Not exactly good news for Linux is it?

And then again, maybe a closer look is required before we draw conclusions.

The first problem is that they don't say which patches they applied. In the period given, July 1st 2004 to June 30th 2005, Novell apparently released 237 patches, not 187. They also don't say which e-commerce application they used, or which third party upgrades were implemented, so we don't know how many patches applied specifically to those elements of the overall configuration.

Thus the numbers they give suggest they applied some subset of the patches issued by Novell, but they don't tell us which ones.
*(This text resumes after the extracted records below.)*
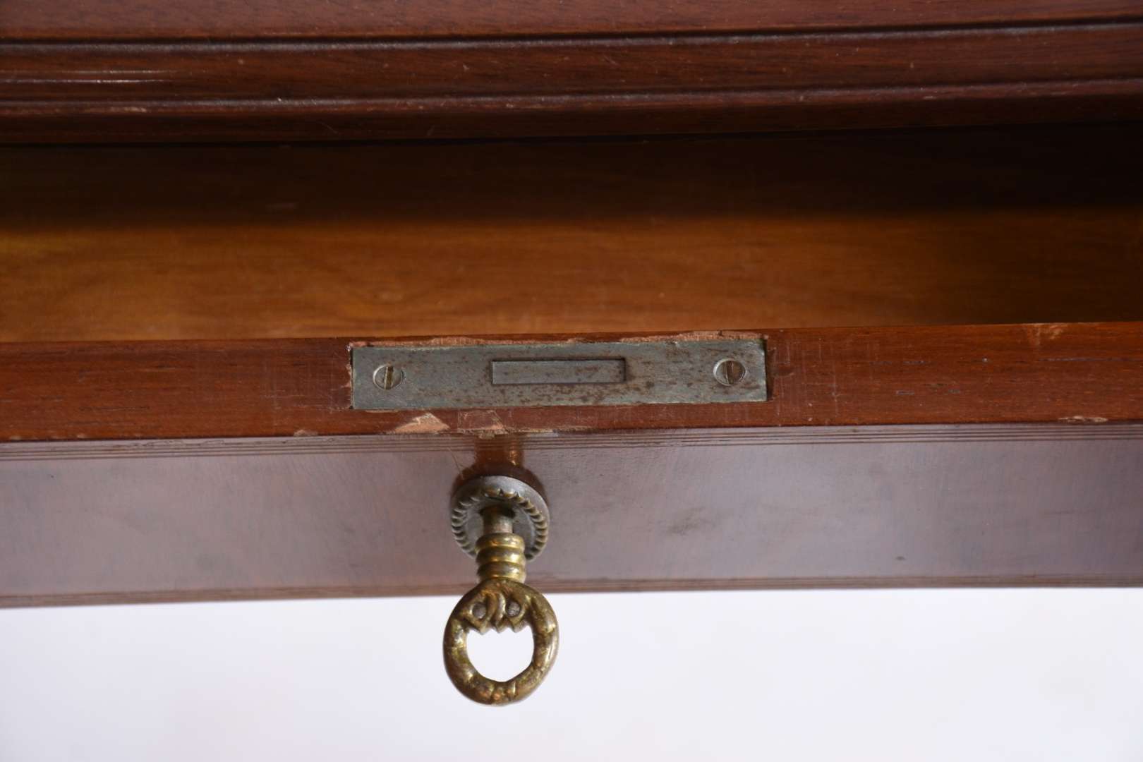 Arca de madeira nobre estilo colonial brasileiro, platô articulado e duas gavetas na parte inferior.
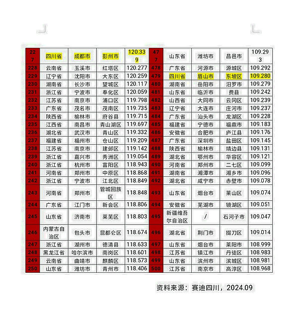9月2日,賽迪工業(yè)和信息化研究院(集團(tuán))四川有限公司(簡(jiǎn)稱“賽迪四川”)發(fā)布《中國(guó)縣域新型工業(yè)化指數(shù)研究報(bào)告(2024)》。在縣域新型工業(yè)化綜合實(shí)力全國(guó)500強(qiáng)中,四川共上榜26個(gè)縣(市、區(qū)),其中6個(gè)市轄區(qū)上榜全國(guó)100強(qiáng)。
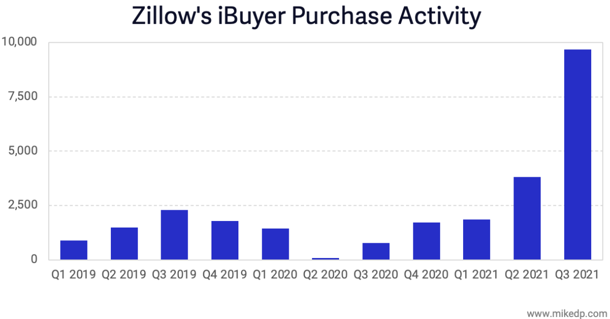 Zillow's iBuyer business grew so fast, so quickly, that it literally broke the company, forcing an abrupt shut down. In Q3 -- the three months that broke the business -- Zillow purchased more houses than in the previous 18 months combined.
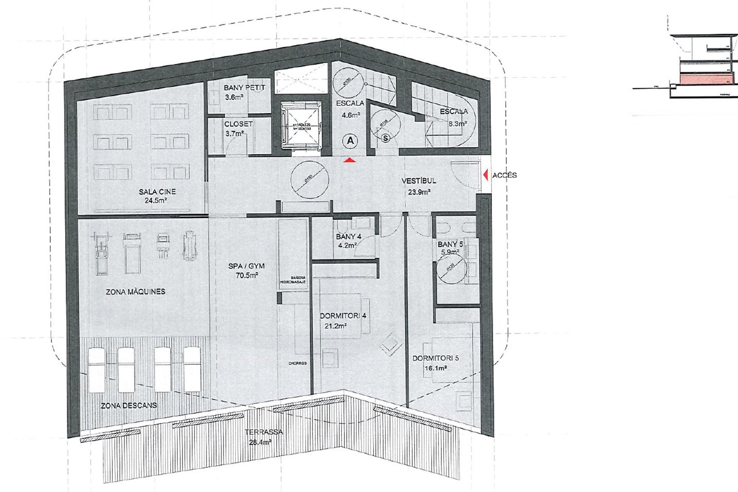 Es handelt sich um ein neu gebautes Anwesen von ca. 669 m², das über mehrere Terrassen verfügt, die optimal ausgerichtet sind, um ein Maximum an natürlichem Licht zu bieten und gleichzeitig den herrlichen Blick auf Ordino und seine Täler zu genießen.
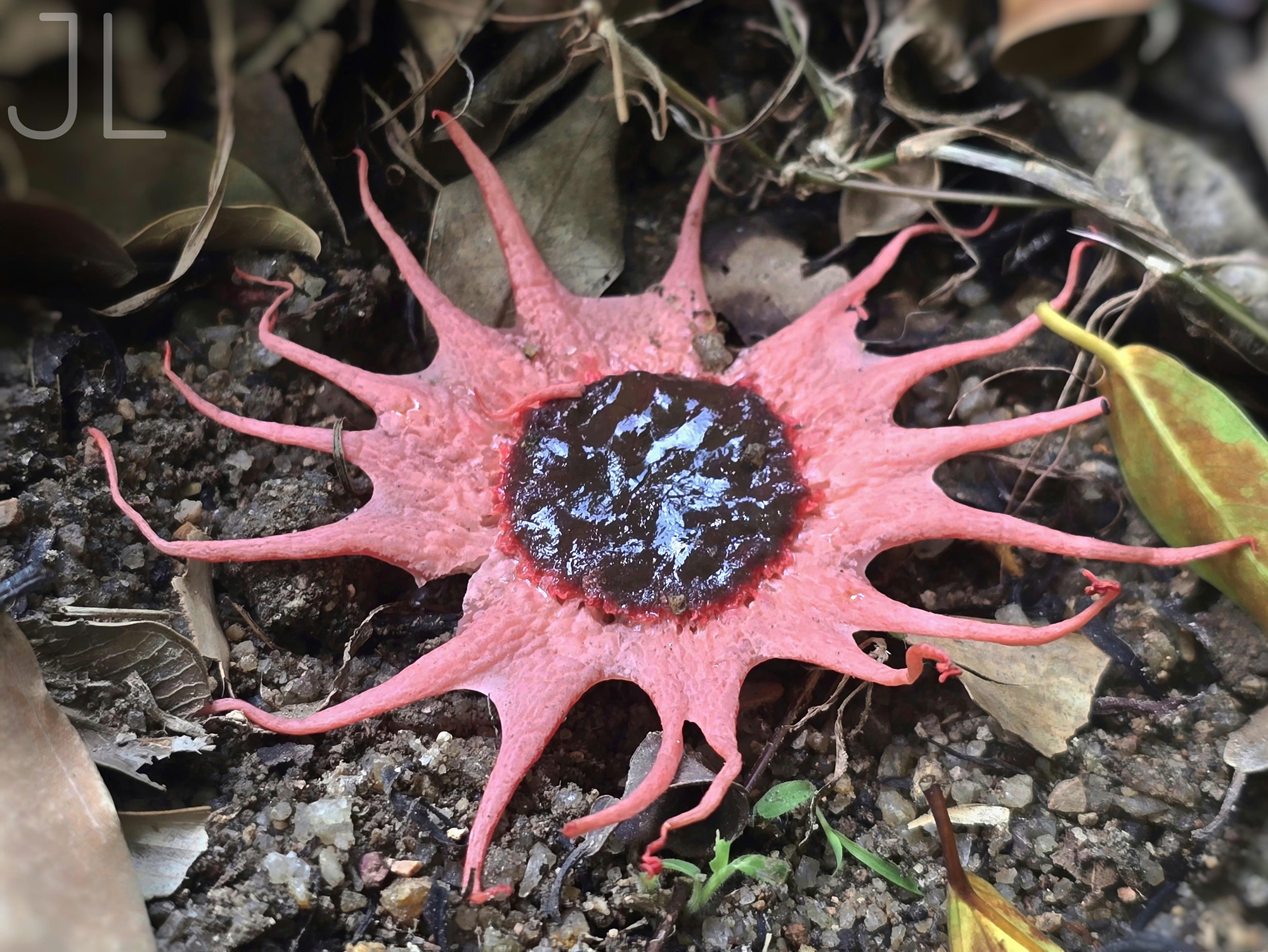 外形像惡魔的真菌,神奇而漂亮,菌直徑約10cm。幾年前在神山見過,有少量腐臭味,圖中這個體在香港發現卻沒有臭味。
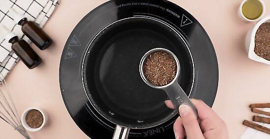 Pour the water and the flax seeds into a pot, bring your stove to low/medium heat and bring your mixture to a boil stirring the flaxseed often, and gently, with the wooden spoon
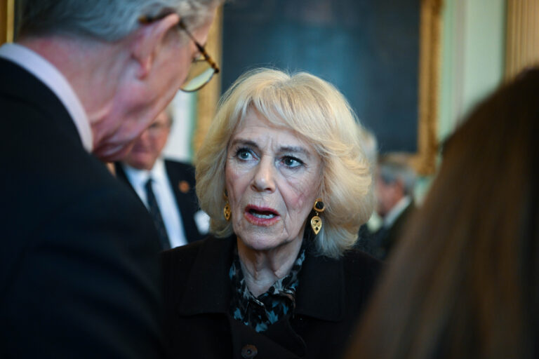 BATH, ENGLAND – JANUARY 25: Camilla, Queen Consort during the visit to the Royal Osteoporosis Society reception at the Guildhall, on January 25, 2023 in Bath, England. (Photo by Finnbarr Webster – WPA Pool/Getty Images)
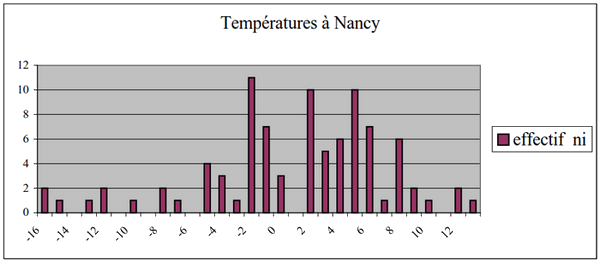 - Variable statistique : température en degré Celsius relevée à 3 heures.
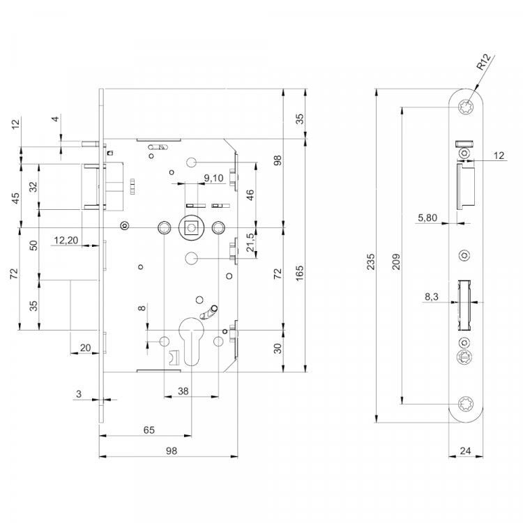 ISEO Selbstverriegelndes FH-Panikschloss SVP DINFIR3. Einsetzbar in einflügeligen Türen und zweiflügeligen Türen bei denen der Standflügel über den Kantriegel gesichert ist. Hergestellt gemäß DIN 18251, EN 12209, EN 1125 und EN179. Einsetzbar in Feuerschutztüren (FH) und Paniktüren. Verriegelt mechanisch selbst beim schließen der Tür. Das Schloss ist mit der Panikfunktion E ausgestattet (durchgehende Nuss) und erfordert daher einen Wechselbeschlag oder feststehenden Knauf / Griffstange auf der Außenseite.
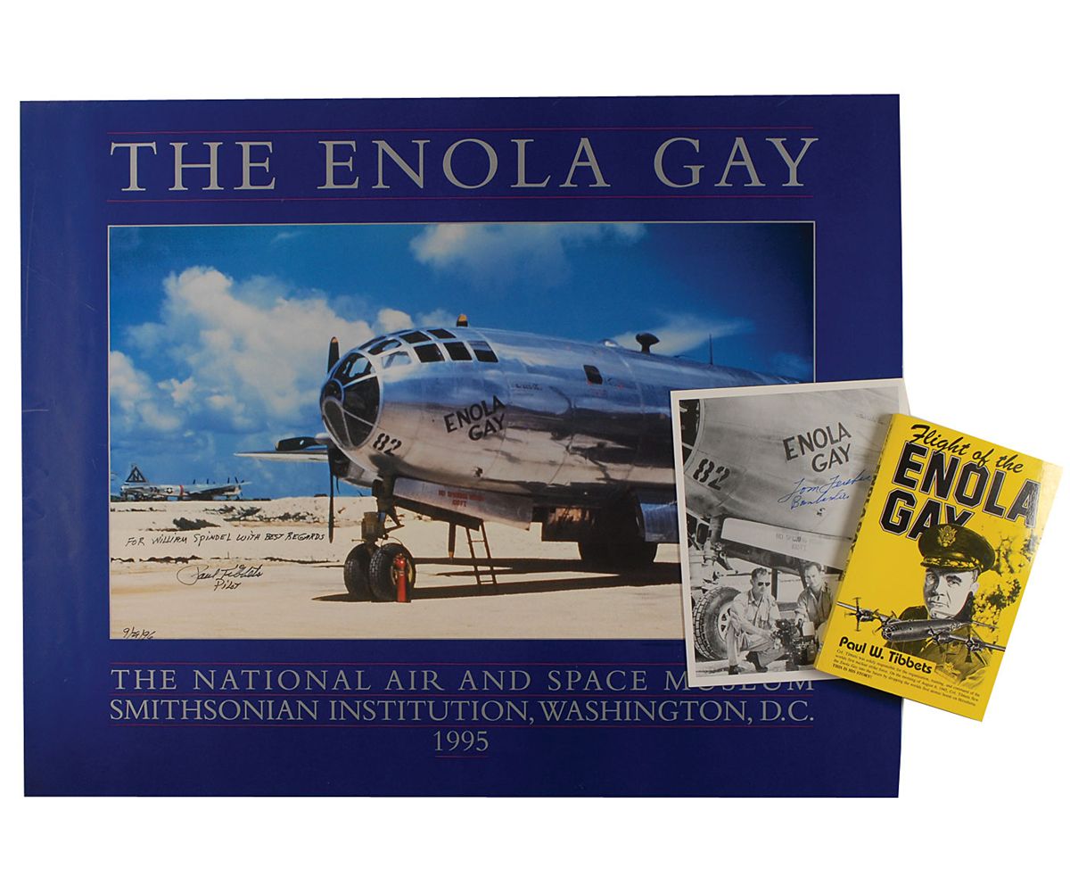 Three items: one large color 30 x 24 poster of the Enola Gay published by the Smithsonian, signed and inscribed in black felt tip by Paul Tibbetts; one 8 x 10 cardstock photo of the Enola Gay signed in blue ballpoint, “Tom Ferebee, Bombardier”; one softco
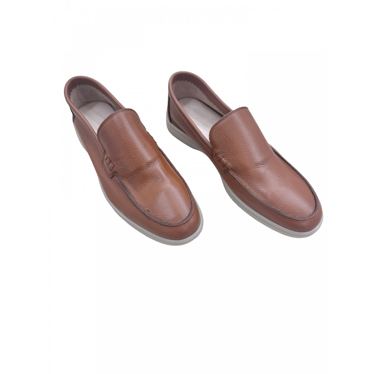 Men’s Loafer “Mare” in Hammered Tan Calf Leather with Beige Rubber Sole – Authentic Handmade in Italy Sorrento Craftsmanship
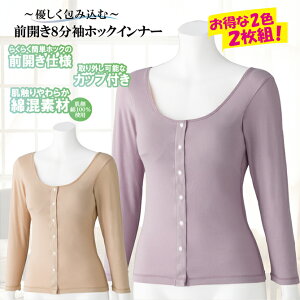 く快適肌着、2枚組。7分袖。・片手でも着脱しやすく、従来の被りタイプが苦手な方や、通院、術後にもおススメです。・ゆったりとした身幅、袖口で着心地バツグ
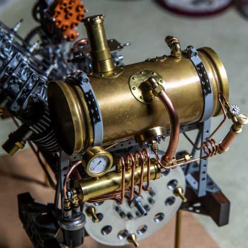 J'avais prévu de réaliser la maquette de cette voiture, mais Richard n'avait plus suffisamment de temps à me consacrer pour que je continue la réalisation de la maquette de façon la plus précise possible. J'ai préféré mettre en valeur ce magnifique moteur avec son embrayage et son réservoir d'huile. C'est une autre façon de présenter et de rendre hommage à sa voiture et à son travail.
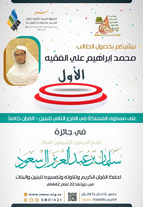 حصل الطالب محمد إبراهيم علي الفقيه على المركز الأول على مستوى المملكة في الفرع الثاني "حفظ القرآن الكريم كاملاً" في جائزة خادم الحرمين الشريفين الملك سلمان بن عبدالعزيز آل سعود-حفظه الله - لحفظ القرآن وتلاوته وتفسيره في دورتها ٢٢ لعام ١٤٤٢هـ، "الفقيه"، أحد طلاب جمعية سمو الخيرية لتحفيظ القرآن الكريم بمحافظة القنفذة.
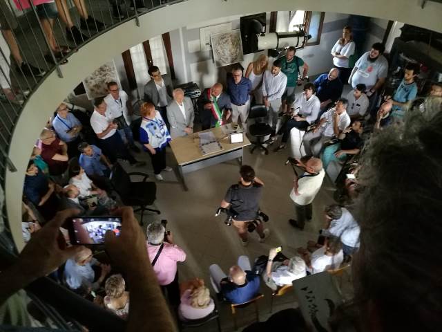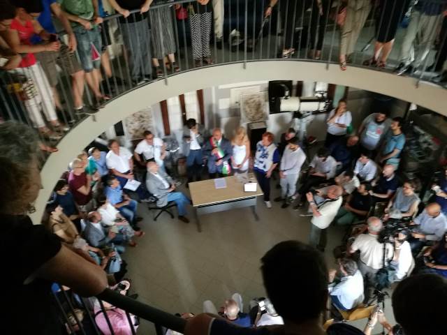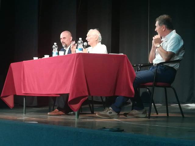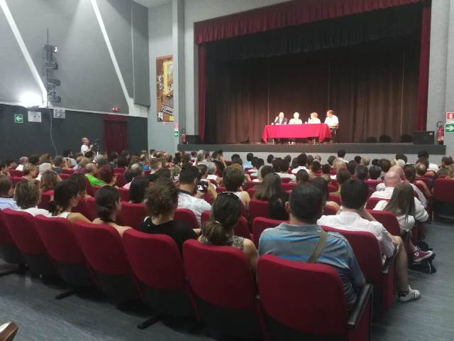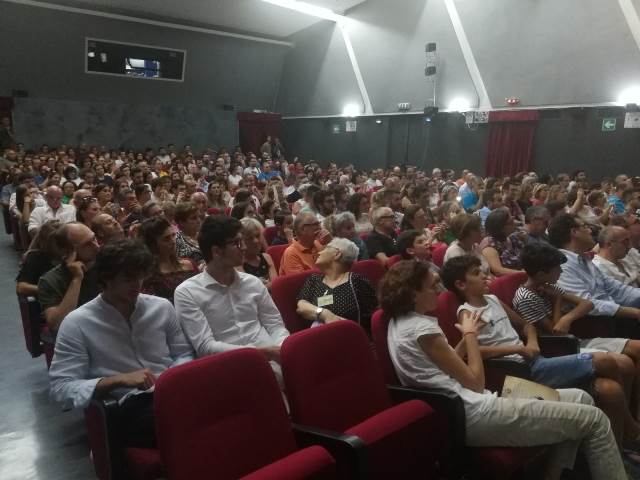 Con lui al tavolo anche il sindaco Paolo Masetti nella conferenza del pomeriggio. Molte persone sono venute senza prenotazione e non sono potute entrare. C'erano circa 270 posti nel Cinema Mignon.
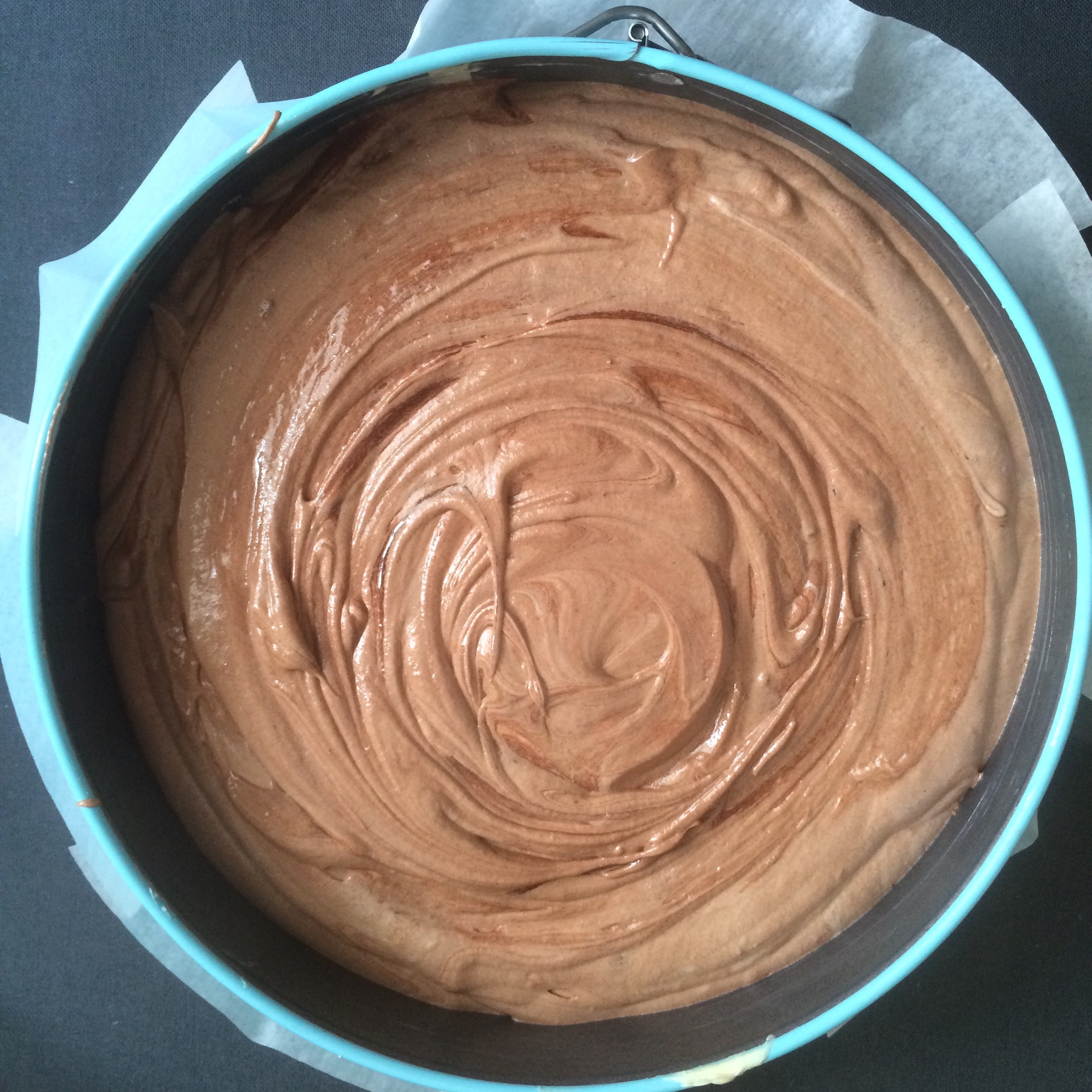 Jetzt sieht es schon echt lecker und fluffig aus. Die schokoladige Masse verteilt ihr dann in einer großen mit Backpapier ausgelegten Springform (Durchmesser 26 cm) und fettet die Seiten mit Butter ein.

Here's the first five letters worth of an alphabetical listing of what Novell's 237 patches applied to:

a2ps: Converts ASCII Text into PostScript
aaa_base: SuSE Linux base package
acl: Commands for Manipulating POSIX Access Control Lists
acpid: Executes Actions at ACPI Events
apache2-mod_python: Python module for the Apache 2 web server
arts: Modular software synthesiser
arts-devel: Include Files and Libraries mandatory for Development.
aspell: A Free and Open Source spell checker
aspell-devel: Include Files and Libraries Mandatory for Development
bison: The GNU Parser Generator
bootsplash-theme-SuSE: Default SuSE Bootsplash Theme
bootsplash-theme-SuSE-Home: Default SuSE Linux Enterprise Server Bootsplash Theme
bzip2: A program for compressing files
cadaver: Command-line WebDAV client for Unix
coreutils: GNU Core Utilities
cups: The Common UNIX Printing System
cups-client: CUPS Client Programs
cups-devel: development environment for CUPS
cups-libs: libraries for CUPS
curl-devel: header files and libraries for curl development
cvs: Concurrent Versions System
cyrus-imapd: An IMAP/POP Mailserver
cyrus-sasl: Implementation of Cyrus SASL API
cyrus-sasl-devel: Cyrus SASL API implmentation, Libraries and Header files
dhcp-server: ISC DHCP Server
drbd: Distributed Replicated Block Device
dvd+rw-tools: A Collection of Tools for Mastering DVD+RW/+R Media
emacs: GNU Emacs Base Package
enscript: An ASCII to PostScript(tm) Converter
evolution: The Integrated GNOME Mail, Calendar, and Addressbook Suite
evolution-devel: Include Files and Libraries mandatory for Development.
exim: The Exim mail transfer agent, a replacement for sendmail
ez-ipupdate: A small utility for updating dynamic DNS service

A lot of these are marked as security updates, but almost all of the software they apply to has no place in an e-commerce configuration. With Windows servers you install everything you're licensed to because the dependencies are largely unknown, with Linux you install what you need -because what isn't there doesn't have vulnerabiliites, use resources, or require patching.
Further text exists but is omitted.